The two of them were hunched over the table like there was an invisible chessboard between them. A game of concentration and intellect that wrapped them both up until they couldn’t see the world around them. In a lot of ways, that was true. She took her chair without either of them acknowledging she’d arrived.
“Mars,” her brother said, “is the most studied planet there is. It doesn’t matter how many new datasets you get that aren’t about Mars. They aren’t about Mars! It’s like saying that seeing pictures of a thousand other tables will tell you about the one you’re already sitting at.”
“Knowledge is good,” her nephew said. “You’re the one who always told me that. I don’t know why you’re getting so bent about it now.”
“How are things for you, Bobbie?” her sister-in-law said sharply, carrying a bowl to the table. Rice and peppers to use as a bed for the gumbo and a reminder to the others that there was a guest. The two men scowled at the interruption.
“Good,” Bobbie said. “The contract with the shipyards came through. It should help us place a lot of vets in new jobs.”
“Because they’re building exploration ships and transports,” her nephew said.
“David.”
“Sorry, Mom. But they are,” David replied, not backing down. Bobbie scooped the rice into her bowl. “All the ships that are easy to retrofit, they’re retrofitting, and then they’re making more so that people can go to all the new systems.”
Her brother took the rice and the serving spoon, chuckling under his breath to make it clear how little he respected his son’s opinion. “The first real survey team is just getting to the first of these places—”
“There are already people living on New Terra, Dad! There were a bunch of refugees from Ganymede—” He broke off, shooting a guilty glance at Bobbie. Ganymede wasn’t something they talked about over dinner.
“The survey team hasn’t landed yet,” her brother said. “It’s going to be years before we have anything like real colonies out there.”
“It’s going to be generations before anyone walks on the surface here! We don’t have a fucking magnetosphere!”
“Language, David!”
Her sister-in-law returned. The gumbo was black and fragrant with a sheen of oil across the top. The smell of it made Bobbie’s mouth water. She put it on the slate trivet and handed the serving spoon to Bobbie.
“And how’s your new apartment?” she asked.

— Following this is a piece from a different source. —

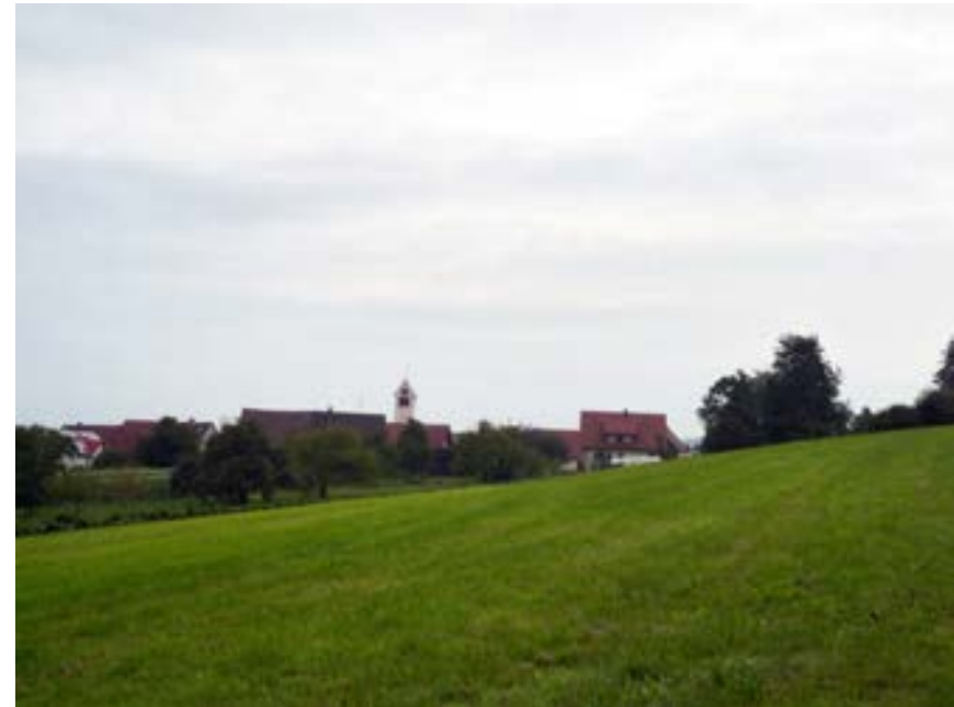
Historische Streuobstwiese am südwestlichen Ortsrand „Petisgarten“

“It’s nice,” Bobbie said. “Inexpensive.”
“I wish you weren’t living in Innis Shallow,” her brother said. “It’s a terrible neighborhood.”
“No one’s going to bother Aunt Bobbie,” her nephew said. “She’d rip their heads off.”
Bobbie grinned. “Naw, I just look at them mean, and they—”
From the living room, there was a sudden glow of red light. The newsfeed had changed. Bright red banners showed at the top and bottom, and on the screen, a jowly Earth woman looked soberly into the camera. The image behind her was of fire and then a stock image of an old colony ship. The words, black against the white of the flames, read TRAGEDY ON NEW TERRA.
“What happened?” Bobbie said. “What just happened?”